## Exercise aim
In the entries below, find the line with "フラワーアレンジメント 盛り沢山の花で。月一回の癒しの時間です。" and the line with "Присоединяйтесь к команде"; give again those lines and every line between them, exactly.

## Records provided
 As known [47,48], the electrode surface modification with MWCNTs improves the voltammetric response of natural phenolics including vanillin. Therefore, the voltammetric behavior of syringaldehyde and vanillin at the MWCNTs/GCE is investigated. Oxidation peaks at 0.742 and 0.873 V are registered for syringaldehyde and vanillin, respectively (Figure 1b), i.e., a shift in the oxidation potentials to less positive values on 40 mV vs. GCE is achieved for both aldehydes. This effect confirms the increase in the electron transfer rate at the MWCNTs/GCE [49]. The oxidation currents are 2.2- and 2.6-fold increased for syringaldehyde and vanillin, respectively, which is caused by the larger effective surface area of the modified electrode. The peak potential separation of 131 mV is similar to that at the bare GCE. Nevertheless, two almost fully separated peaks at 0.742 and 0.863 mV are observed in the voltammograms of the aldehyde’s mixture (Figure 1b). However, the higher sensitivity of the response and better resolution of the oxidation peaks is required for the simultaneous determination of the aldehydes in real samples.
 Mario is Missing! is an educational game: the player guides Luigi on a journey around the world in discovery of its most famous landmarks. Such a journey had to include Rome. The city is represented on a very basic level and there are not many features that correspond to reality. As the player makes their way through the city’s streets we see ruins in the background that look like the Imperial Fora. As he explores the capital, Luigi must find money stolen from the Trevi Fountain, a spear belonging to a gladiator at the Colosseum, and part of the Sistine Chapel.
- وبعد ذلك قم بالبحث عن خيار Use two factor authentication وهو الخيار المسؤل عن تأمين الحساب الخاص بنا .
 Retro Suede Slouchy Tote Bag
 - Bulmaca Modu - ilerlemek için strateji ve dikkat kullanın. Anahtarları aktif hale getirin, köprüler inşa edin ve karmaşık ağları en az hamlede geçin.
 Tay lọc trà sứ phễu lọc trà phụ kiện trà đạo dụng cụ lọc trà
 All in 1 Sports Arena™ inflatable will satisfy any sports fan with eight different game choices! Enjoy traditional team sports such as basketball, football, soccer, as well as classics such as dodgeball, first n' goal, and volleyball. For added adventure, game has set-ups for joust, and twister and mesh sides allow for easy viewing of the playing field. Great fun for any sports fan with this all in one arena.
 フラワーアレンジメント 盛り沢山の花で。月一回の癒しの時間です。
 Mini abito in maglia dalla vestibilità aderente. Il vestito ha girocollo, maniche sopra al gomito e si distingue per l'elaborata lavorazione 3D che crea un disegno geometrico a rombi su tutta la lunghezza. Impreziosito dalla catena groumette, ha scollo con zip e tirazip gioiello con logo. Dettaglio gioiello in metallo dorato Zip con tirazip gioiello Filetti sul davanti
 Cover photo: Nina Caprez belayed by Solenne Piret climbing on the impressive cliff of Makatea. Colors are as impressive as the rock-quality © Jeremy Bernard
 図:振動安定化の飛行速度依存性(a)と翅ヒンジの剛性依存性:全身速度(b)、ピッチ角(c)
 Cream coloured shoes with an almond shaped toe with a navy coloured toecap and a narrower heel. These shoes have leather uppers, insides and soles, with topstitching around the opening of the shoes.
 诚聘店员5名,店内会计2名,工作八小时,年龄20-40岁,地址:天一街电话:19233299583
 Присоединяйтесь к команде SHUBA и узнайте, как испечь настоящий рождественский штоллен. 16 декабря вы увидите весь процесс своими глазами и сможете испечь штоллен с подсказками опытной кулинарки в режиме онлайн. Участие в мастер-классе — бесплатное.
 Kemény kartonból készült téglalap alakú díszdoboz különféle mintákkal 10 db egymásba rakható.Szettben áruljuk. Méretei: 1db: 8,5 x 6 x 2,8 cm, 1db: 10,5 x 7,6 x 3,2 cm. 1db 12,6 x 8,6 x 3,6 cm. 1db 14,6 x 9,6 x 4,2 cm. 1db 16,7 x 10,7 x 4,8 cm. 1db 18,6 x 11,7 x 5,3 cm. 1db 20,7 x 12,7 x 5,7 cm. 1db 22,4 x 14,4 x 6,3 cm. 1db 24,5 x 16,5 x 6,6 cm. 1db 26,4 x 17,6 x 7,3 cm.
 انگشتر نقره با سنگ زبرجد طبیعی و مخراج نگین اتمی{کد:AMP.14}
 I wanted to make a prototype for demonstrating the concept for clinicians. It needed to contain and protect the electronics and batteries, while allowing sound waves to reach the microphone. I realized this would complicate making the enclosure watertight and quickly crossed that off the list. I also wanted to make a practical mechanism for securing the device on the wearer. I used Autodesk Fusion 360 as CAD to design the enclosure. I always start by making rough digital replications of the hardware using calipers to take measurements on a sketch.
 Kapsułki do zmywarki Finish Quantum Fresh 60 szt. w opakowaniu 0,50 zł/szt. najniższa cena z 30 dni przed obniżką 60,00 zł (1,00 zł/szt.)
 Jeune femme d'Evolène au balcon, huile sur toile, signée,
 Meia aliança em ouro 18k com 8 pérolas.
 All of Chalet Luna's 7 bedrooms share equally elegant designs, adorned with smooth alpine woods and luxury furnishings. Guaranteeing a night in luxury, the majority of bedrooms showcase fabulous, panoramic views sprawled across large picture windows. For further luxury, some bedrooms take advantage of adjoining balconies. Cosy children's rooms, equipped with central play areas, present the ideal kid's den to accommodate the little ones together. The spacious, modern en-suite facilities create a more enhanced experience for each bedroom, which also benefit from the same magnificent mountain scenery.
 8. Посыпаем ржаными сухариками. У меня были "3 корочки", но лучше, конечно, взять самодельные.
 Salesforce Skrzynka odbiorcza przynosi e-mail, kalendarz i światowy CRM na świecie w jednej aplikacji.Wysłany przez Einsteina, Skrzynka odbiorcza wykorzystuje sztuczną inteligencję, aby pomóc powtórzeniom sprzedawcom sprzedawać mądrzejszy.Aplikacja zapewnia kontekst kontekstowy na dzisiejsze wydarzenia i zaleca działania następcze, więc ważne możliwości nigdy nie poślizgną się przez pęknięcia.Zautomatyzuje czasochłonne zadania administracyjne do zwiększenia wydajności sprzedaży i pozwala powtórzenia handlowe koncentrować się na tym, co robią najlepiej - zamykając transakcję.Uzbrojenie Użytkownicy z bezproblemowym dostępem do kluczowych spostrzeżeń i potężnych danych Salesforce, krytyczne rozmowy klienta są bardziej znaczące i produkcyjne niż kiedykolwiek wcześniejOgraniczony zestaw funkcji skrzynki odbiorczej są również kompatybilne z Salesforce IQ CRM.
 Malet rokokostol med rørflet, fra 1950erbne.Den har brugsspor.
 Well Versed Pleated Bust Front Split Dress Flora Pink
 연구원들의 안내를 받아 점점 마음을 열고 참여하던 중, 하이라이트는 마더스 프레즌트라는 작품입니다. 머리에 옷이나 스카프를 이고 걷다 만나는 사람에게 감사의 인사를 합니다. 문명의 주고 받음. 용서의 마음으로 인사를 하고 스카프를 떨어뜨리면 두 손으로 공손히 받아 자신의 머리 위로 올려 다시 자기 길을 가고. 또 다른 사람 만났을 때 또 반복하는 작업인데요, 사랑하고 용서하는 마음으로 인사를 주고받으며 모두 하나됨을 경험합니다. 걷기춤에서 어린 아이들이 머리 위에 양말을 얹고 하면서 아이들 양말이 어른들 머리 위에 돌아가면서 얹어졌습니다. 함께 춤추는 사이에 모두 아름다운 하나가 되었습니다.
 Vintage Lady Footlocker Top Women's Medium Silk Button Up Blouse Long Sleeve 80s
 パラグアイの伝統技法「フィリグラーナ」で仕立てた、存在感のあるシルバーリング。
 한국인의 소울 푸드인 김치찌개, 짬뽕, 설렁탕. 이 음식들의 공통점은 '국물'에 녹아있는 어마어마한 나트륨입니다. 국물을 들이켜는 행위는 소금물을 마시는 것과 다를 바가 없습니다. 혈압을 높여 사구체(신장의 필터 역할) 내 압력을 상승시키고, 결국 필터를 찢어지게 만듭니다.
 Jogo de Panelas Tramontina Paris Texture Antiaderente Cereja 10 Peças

## Exercise answer
 フラワーアレンジメント 盛り沢山の花で。月一回の癒しの時間です。
 Mini abito in maglia dalla vestibilità aderente. Il vestito ha girocollo, maniche sopra al gomito e si distingue per l'elaborata lavorazione 3D che crea un disegno geometrico a rombi su tutta la lunghezza. Impreziosito dalla catena groumette, ha scollo con zip e tirazip gioiello con logo. Dettaglio gioiello in metallo dorato Zip con tirazip gioiello Filetti sul davanti
 Cover photo: Nina Caprez belayed by Solenne Piret climbing on the impressive cliff of Makatea. Colors are as impressive as the rock-quality © Jeremy Bernard
 図:振動安定化の飛行速度依存性(a)と翅ヒンジの剛性依存性:全身速度(b)、ピッチ角(c)
 Cream coloured shoes with an almond shaped toe with a navy coloured toecap and a narrower heel. These shoes have leather uppers, insides and soles, with topstitching around the opening of the shoes.
 诚聘店员5名,店内会计2名,工作八小时,年龄20-40岁,地址:天一街电话:19233299583
 Присоединяйтесь к команде SHUBA и узнайте, как испечь настоящий рождественский штоллен. 16 декабря вы увидите весь процесс своими глазами и сможете испечь штоллен с подсказками опытной кулинарки в режиме онлайн. Участие в мастер-классе — бесплатное.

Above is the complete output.